Dimanche 11 mai, lors d’une allocution à la suite de sa première messe dominicale, le nouveau pape avait appelé les « grands de ce monde » à arrêter les guerres. Se disant « profondément attristé par ce qui se passe dans la bande de Gaza », Léon XIV a appelé à ce « que les hostilités cessent immédiatement, que de l’aide humanitaire soit apportée à la population civile épuisée et que tous les otages soient libérés ».
Le gouvernement israélien ne doit plus bénéficier de la moindre impunité
Dire clairement que ce qui est en cours à Gaza est inacceptable est nécessaire. Mais cela doit s’accompagner du constat que de nombreux alliés d’Israël n’ont plus rien en commun avec la coalition de Benyamin Nétanyahou, qui a fait le choix d’une dérive plaçant les autorités israéliennes en dehors des nations respectueuses des droits humains.

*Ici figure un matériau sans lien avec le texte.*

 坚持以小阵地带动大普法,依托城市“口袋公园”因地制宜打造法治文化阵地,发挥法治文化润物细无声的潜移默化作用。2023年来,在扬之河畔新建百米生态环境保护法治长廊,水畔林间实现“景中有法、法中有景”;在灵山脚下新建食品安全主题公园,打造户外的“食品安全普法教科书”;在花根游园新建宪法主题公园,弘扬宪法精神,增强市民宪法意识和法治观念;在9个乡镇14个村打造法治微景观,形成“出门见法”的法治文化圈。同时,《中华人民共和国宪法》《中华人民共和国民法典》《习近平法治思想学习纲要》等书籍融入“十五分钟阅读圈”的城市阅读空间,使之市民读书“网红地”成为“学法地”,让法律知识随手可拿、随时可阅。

Des membres de Tsav 9 tentent de bloquer l’aide humanitaire près du point de passage de Kerem Shalom

La police israélienne arrête un activiste qui bloque des camions transportant de l’aide humanitaire dans la bande de Gaza près du point de passage de Kerem Shalom, dans le sud d’Israël, mercredi 21 mai 2025. OHAD ZWIGENBERG / AP
Selon le journal israélien Haaretz, des activistes de Tsav 9, un groupe radical lié à des réservistes de l’armée israélienne et à des colons de Cisjordanie, ont atteint la route menant au point de passage de Kerem Shalom à la frontière avec Gaza et tentent d’empêcher les camions d’aide humanitaire d’entrer dans l’enclave palestinienne.

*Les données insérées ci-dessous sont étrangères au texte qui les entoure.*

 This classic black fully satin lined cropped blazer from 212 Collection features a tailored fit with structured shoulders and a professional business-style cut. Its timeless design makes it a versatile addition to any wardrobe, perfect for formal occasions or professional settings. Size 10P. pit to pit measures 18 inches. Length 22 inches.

Tsav 9, lancé en janvier 2024, est nommé ainsi en référence à Tsav 8 (« Ordre no 8 » en français), qui est le code d’alerte envoyé aux réservistes de l’armée israélienne en cas de mobilisation. Selon eux, l’aide destinée aux civils gazaouis, produits alimentaires, médicaments ou carburant, aboutit en grande partie dans les mains du Hamas. Il bénéficie de plusieurs soutiens, dont l’association Israel Is Forever, un mouvement sioniste radical, le mouvement d’extrême droite Regavim ou encore l’ONG d’extrême droite Honenu, relevait France 24 en mai 2024.
A la mi-juin 2024, le gouvernement américain avait annoncé geler les avoirs du groupe en vertu d’un décret sur la violence en Cisjordanie pris par Joe Biden et interdire aux Américains tout contact avec les membres de ce groupe.

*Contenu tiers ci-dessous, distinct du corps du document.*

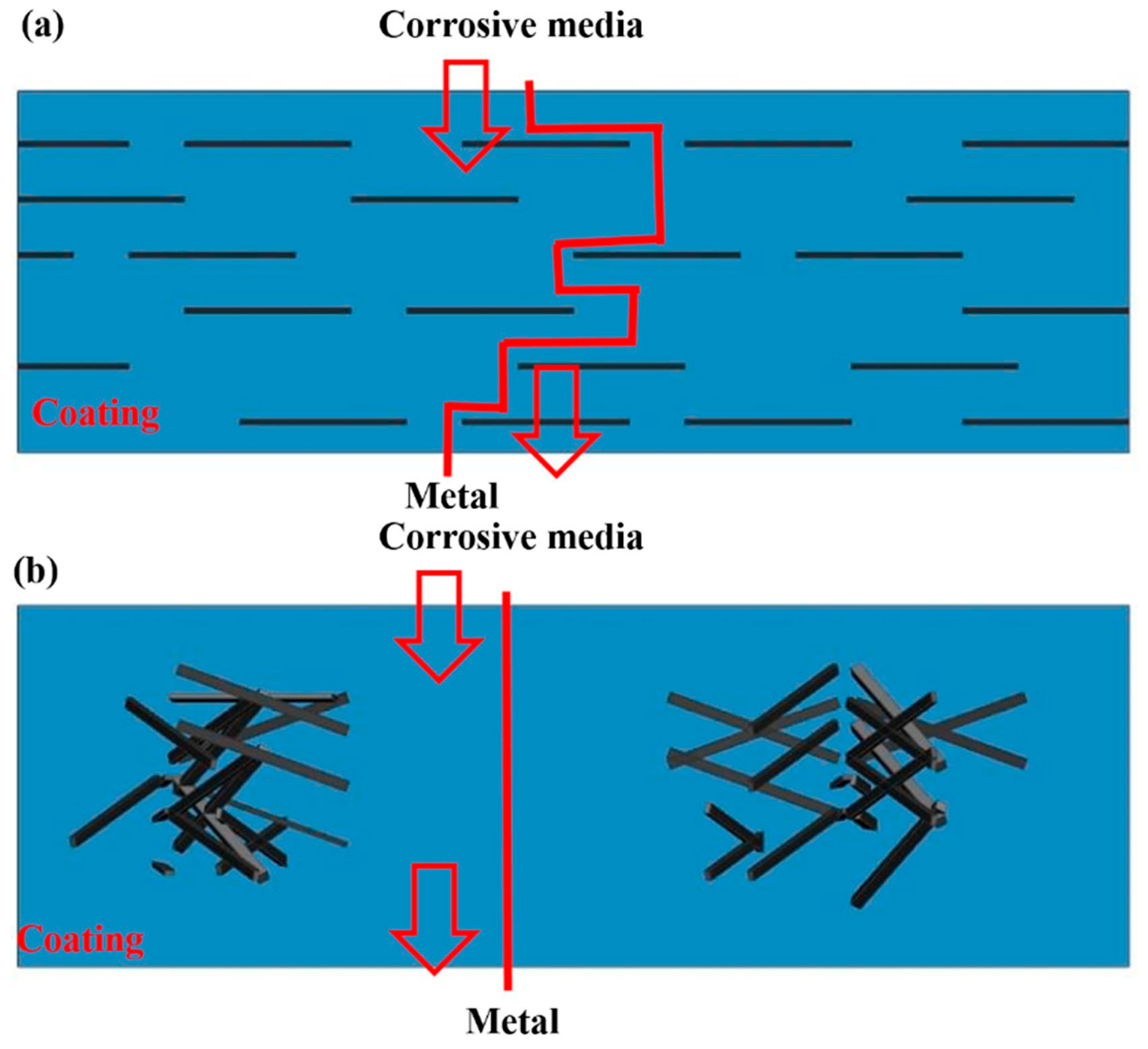 | Physical Barrier | GO nanosheets form a tortuous maze barrier | Extends the Cl− penetration path by >10 times | GO dispersion, orientation, interlayer spacing |

Selon Ehoud Olmert, ancien premier ministre, ce qu’Israël « fait actuellement à Gaza est très proche d’un crime de guerre »
Dans un entretien accordé à la BBC, l’ancien premier ministre israélien Ehoud Olmert (2006-2009), a déclaré que ce qu’Israël « fait actuellement à Gaza est très proche d’un crime de guerre », ajoutant qu’est menée « une guerre sans objectif qui ne va certainement rien accomplir en ce qui concerne la libération des otages. (…) A tous points de vue, c’est odieux et scandaleux ».
Le ministre de l’éducation, Yoav Kisch, a écrit sur X que « l’ancien détenu Ehoud Olmert rejoint Yaïr Golan et le chœur de l’extrême gauche, qui diffame l’Etat d’Israël sur la scène internationale. Alors que les soldats de Tsahal risquent leur vie face à un terrorisme meurtrier qui cherche à nous détruire, il choisit d’inciter à la haine et de leur planter un couteau dans le dos. Il devrait avoir honte ». La ministre des transports, Miri Regev, a également réagi : « Le Hamas et les terroristes des forces d’élite remercient Ehoud Olmert et Yaïr Golan. »
Les deux ministres font référence aux déclarations de l’ancien chef d’état-major adjoint de l’armée israélienne et chef de file de l’opposition de gauche qui a dénoncé, mardi, qu’« un pays sain ne fait pas la guerre à des civils, n’a pas pour passe-temps de tuer des bébés et ne se fixe pas pour objectif d’expulser des populations », suscitant un tollé du gouvernement l’accusant d’antisémitisme.